*** Opening of Supplied information ***
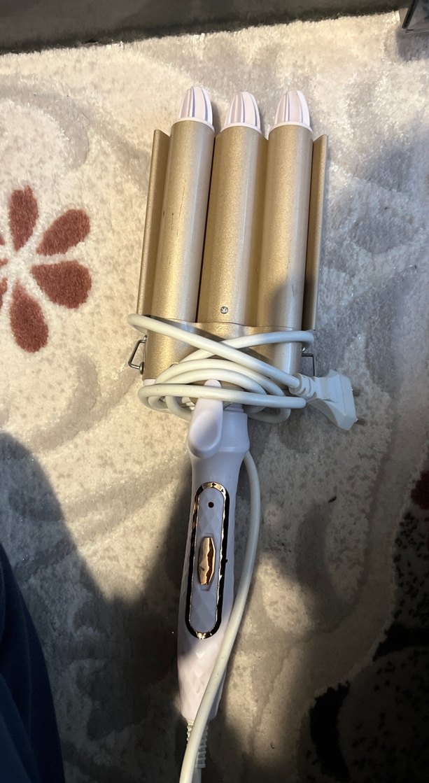 Altın tonlu beyaz üçlü saç maşası, ayarlanabilir ısı kontrolü ve kullanımı kolay güç kablosu ile birlikte gelir. ♀️
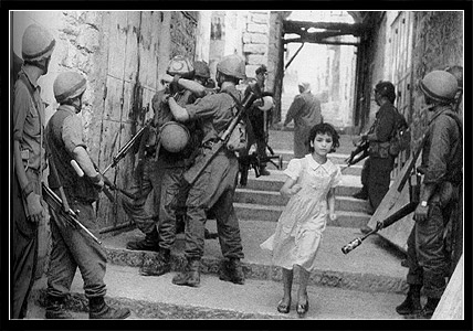 一个以色列士兵在哭泣,他的同伴安慰他,一个巴乐斯坦人在向远处走去,一群士兵警惕
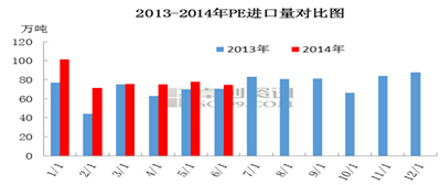 截止2014年6月,pe進口總量達到475.76萬噸,同比去年增長19.35%。2014年在春節因素淡去之后,進入3月份,進口量一直維持在75萬噸左右,相比去年,進口量整體處於較高水平。近期國內市場持續下行,而進口料成本較高,內外貿倒掛現象有增無減,其中lldpe價差達500元/噸以上。在這種高成本、銷售緩慢的情況下,貨源或將進一步積累,至此7月份港口庫存將繼續增加。
*** Close of Supplied information ***
## Task directions
Strip the images and return the remaining data exactly.

## Response to this task
 Altın tonlu beyaz üçlü saç maşası, ayarlanabilir ısı kontrolü ve kullanımı kolay güç kablosu ile birlikte gelir. ♀️
 一个以色列士兵在哭泣,他的同伴安慰他,一个巴乐斯坦人在向远处走去,一群士兵警惕
 截止2014年6月,pe進口總量達到475.76萬噸,同比去年增長19.35%。2014年在春節因素淡去之后,進入3月份,進口量一直維持在75萬噸左右,相比去年,進口量整體處於較高水平。近期國內市場持續下行,而進口料成本較高,內外貿倒掛現象有增無減,其中lldpe價差達500元/噸以上。在這種高成本、銷售緩慢的情況下,貨源或將進一步積累,至此7月份港口庫存將繼續增加。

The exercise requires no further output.